Yes or no, true or false?
“If you combine negative reinforcement with positive reinforcement, you poison the learning process.”
Do you agree?
Do you poison the cue? The environment? Yourself? – if you after a negatively reinforced response add a positive reinforcer (aka combined reinforcement)?
Some of the readers of this blog may say “yes”.
Some may say “no”.
Some may say “huh?”
After all, that question doesn’t make sense if you’re unfamiliar with those terms. Stay tuned, I’ll explain them in a minute.
I think the right answer is “it depends”.
Before we start untangling the potential pitfalls of combined reinforcement – why is this an important question?
Helping horses and their people.
This question is important because cross-over trainers (I’m thinking horse people here) may find it hard to transition from negative reinforcement to positive reinforcement without using combined reinforcement.
In the horse training world, the paradigm shift from negative reinforcement-based training to positive reinforcement training is a huge leap for both the traditionally schooled trainer – and the horse.
I’ve been told that many horse people try making that shift, fail and give up – reverting back to the familiar, old-school, negative reinforcement-based training.
In my book, the failure to incorporate positive reinforcement in any training regime would lead to potential unnecessary suffering, and I can’t help thinking that a more gradual shift may perhaps be less difficult than an all-or-nothing approach in some cases. Maybe the difficulty in shifting from negative to positive reinforcement could be addressed by transitioning through combined reinforcement?

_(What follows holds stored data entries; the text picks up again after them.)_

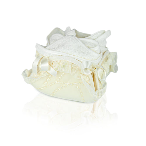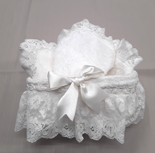 CESTINO PORTA LAVETTES con PIZZO e TULLE scegliere il colore della spugna
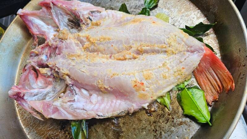 Marinaden minner litt om den jeg kalte Thai marinade og som jeg brukte på uer men jeg har ikke Galingale eller lime blader i denne. Liker du den smaken kan du sikkert tilsette dette eller ingefær, men i den Vietnamesiske oppskriften, inngår ikke disse ingrediensen. Får du tak i fersk sitron gress er dette best, men ferdig puré på boks går også greit.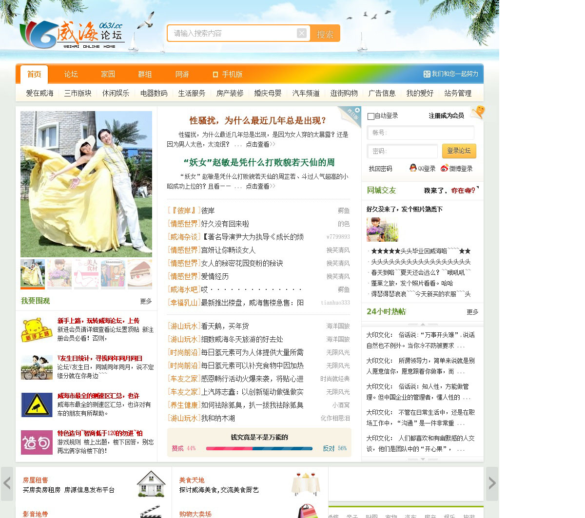 威海论坛|威海社区是威海较大的综合性论坛社区,提供交友、信息发布等生活服务,是威海人的网上家园,威海信息港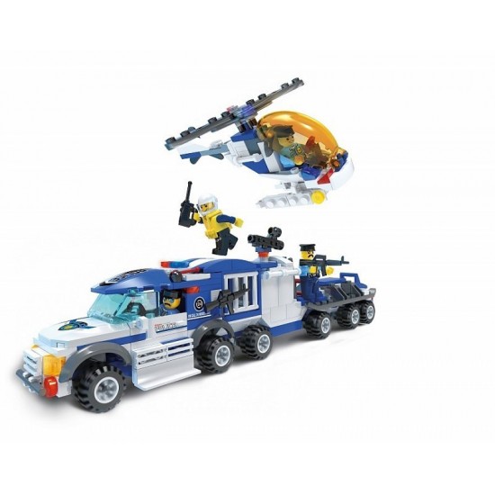 Utilizati elementele incluse in set pentru a construi un elicopter politie si o figurina politist cu statie emisie-receptie.
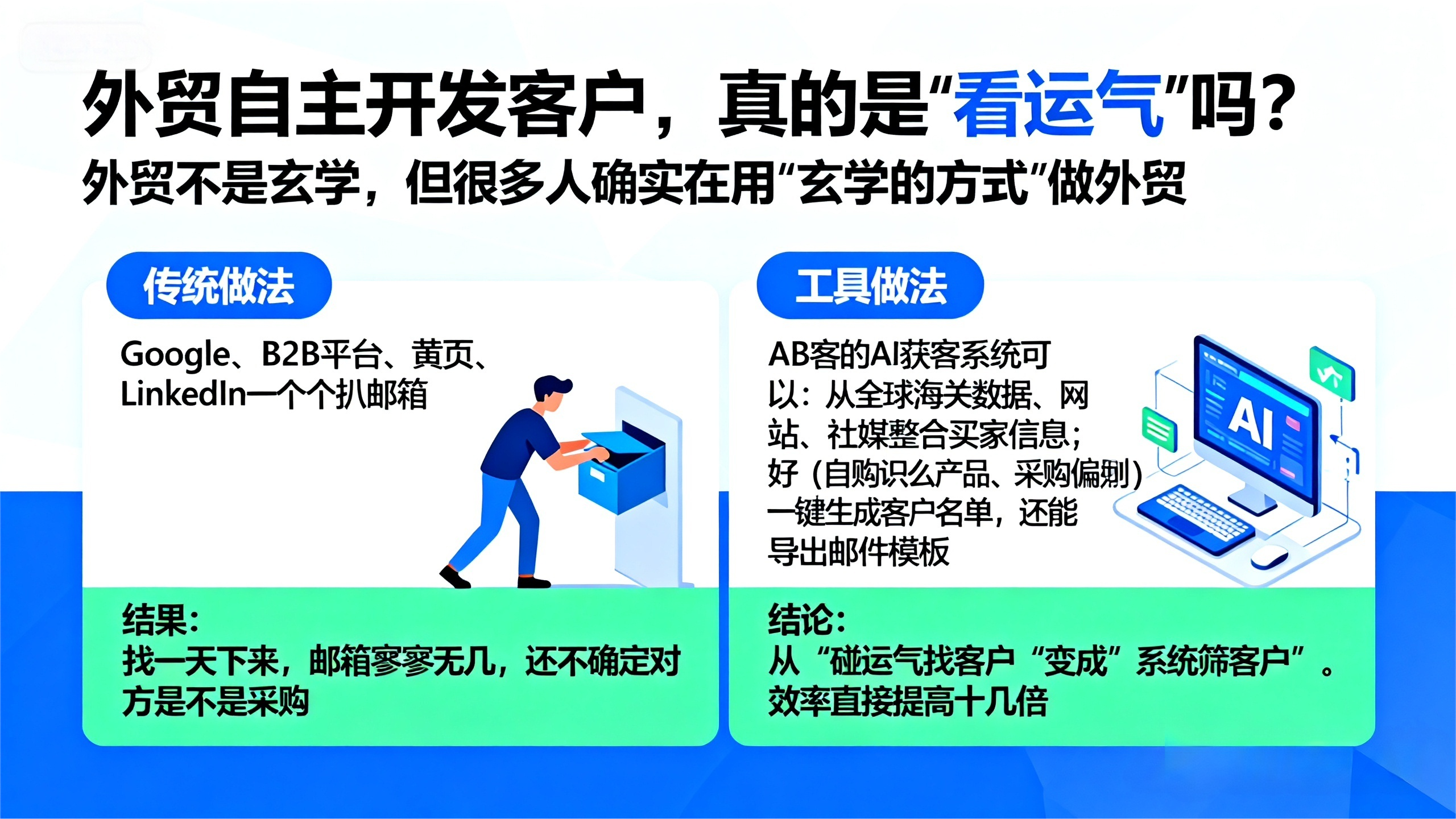 与此相比,基于AI技术的获客工具,比如“AB客”,则利用全球海关数据+网站+社媒多维度整合客户信息,自动分析客户的采购品类和地区分布,快速精准筛出高意向采购名单。以往一天的手动搜寻效率,借助系统可以提升10倍以上,不仅数量大,更大大降低无效联系。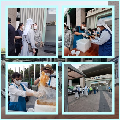 6월 수원역 무료급식은 날씨도 쾌청하여 다른 때보다 많은 분들이 찾아오셨습니다. 100여분을 위해 준비한 음식은 남는 것 없이 모두 나누어 드릴 수 있어 기쁜 날이었구요. 6월 무료급식은 성 빈센트 자비의 협력자회 회원들이 전담해 주셨는데, 협력자회 자매님들이 기증해 주신 구수한 음료수와 떡도 곁들여 드렸습니다. 매월 급식 후원을 해 주시는 이수진 자매님께서도 이달에는 30인분의 음식을 지원해 주셔서 감사한 마음입니다. 수녀원분원과 본원에서 보내주신 후원금도 있어 살림이 풍요로워졌습니다. 준비해 주신 임원들과 현장에서 배식을 담당해 주신 분들, 트럭봉사로 음식을 이동해 주신 라파엘 형제님, 함께 해 주셔서 감사합니다.
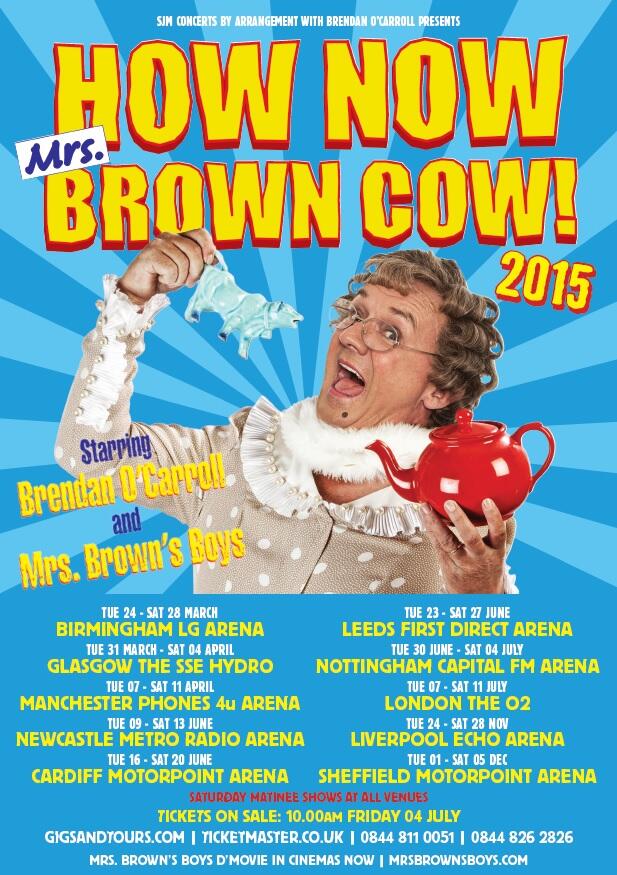 Following the release of D’Movie, Mrs Brown’s Boys, written by and starring Brendan O’Carroll, will return to arenas in 2015 with a brand new show. The tour will be heading across the UK, taking over some of country’s biggest venues for five day residencies.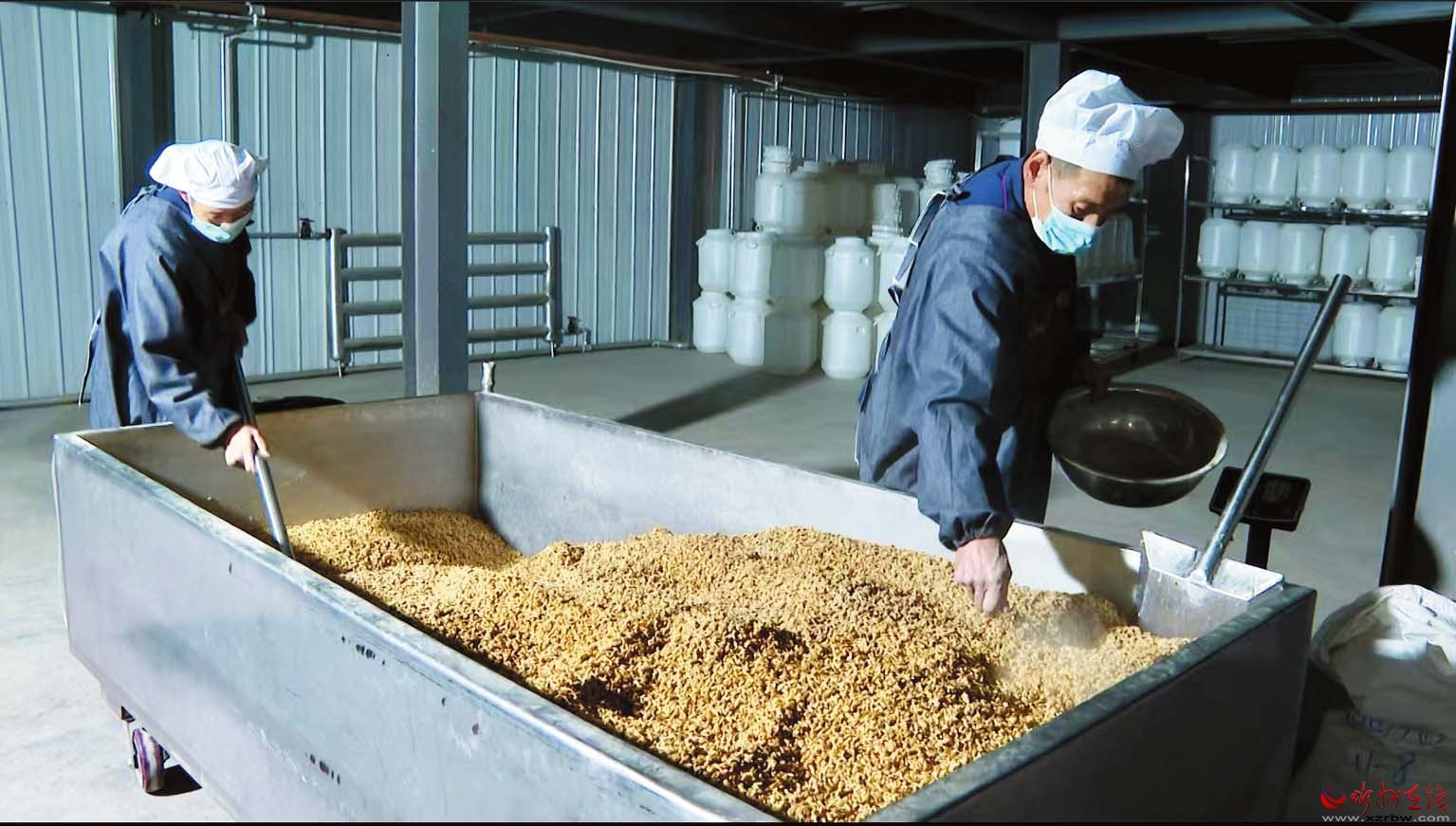 走進(jìn)莜麥酒生產(chǎn)車間,看到工人們正在各自的崗位上忙碌著。莜麥經(jīng)過淘洗、制曲、發(fā)酵、蒸餾等28道工序,清香撲鼻的莜麥酒就釀造而成。山西德裕酒業(yè)有限責(zé)任公司經(jīng)理王保東說:“莜麥釀成酒后,大大提高了其附加值?!?/p>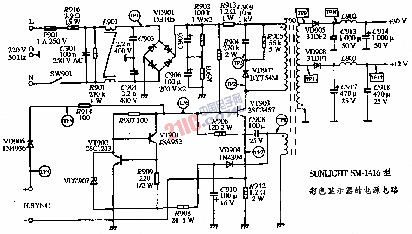 SUNLIHTSM-1416型彩色显示器的电源电路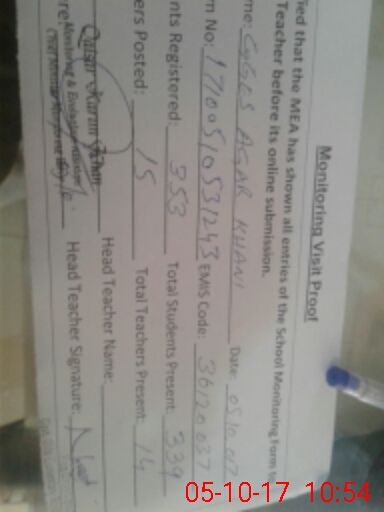 | Certified that this School was Inspected by the Undersigned MEA/DMO Today and the Information Stated Above is as Per Record. | |||||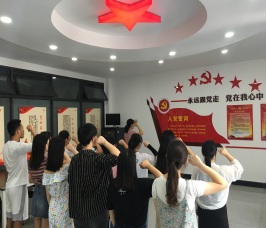 接着,新发展预备党员面对鲜红的党旗,在沈文静同志的领誓下,右手举拳,神情肃穆,声音洪亮,郑重宣读入党誓词。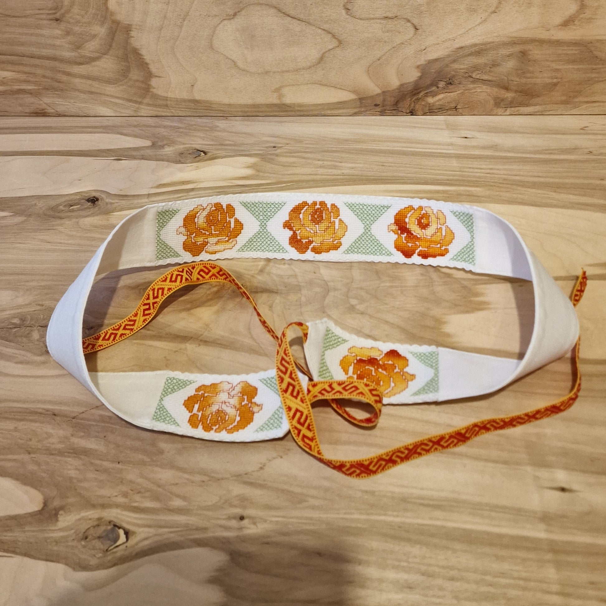 Balta lina josta 83 x 5 cm (+ sasiešanas lentas) ar oranžu/dzeltenu rožu krustdūriena izšuvumu - trīs ziedi centrā un pa vienam katrā galā. Jostas glabāšanai - dāvanā lina maisiņš ar mežģīni.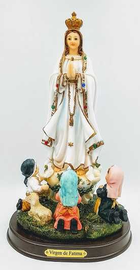 Imagen virgen de Fátima con pastores (3) / Materialidad: poliresina / Altura 19 cms.

In my opinion, combined reinforcement has the potential of either increasing or decreasing suffering, depending on how it’s carried out – and what the alternatives are.
I may be completely off track here. After all, I’m not a horse trainer, I haven’t lived through that transition personally. So, this blog post is hypothetical – but I’m counting on you, dear reader, to let me know whether you agree with me – or not (and yes, there’s been disagreement, keep reading!).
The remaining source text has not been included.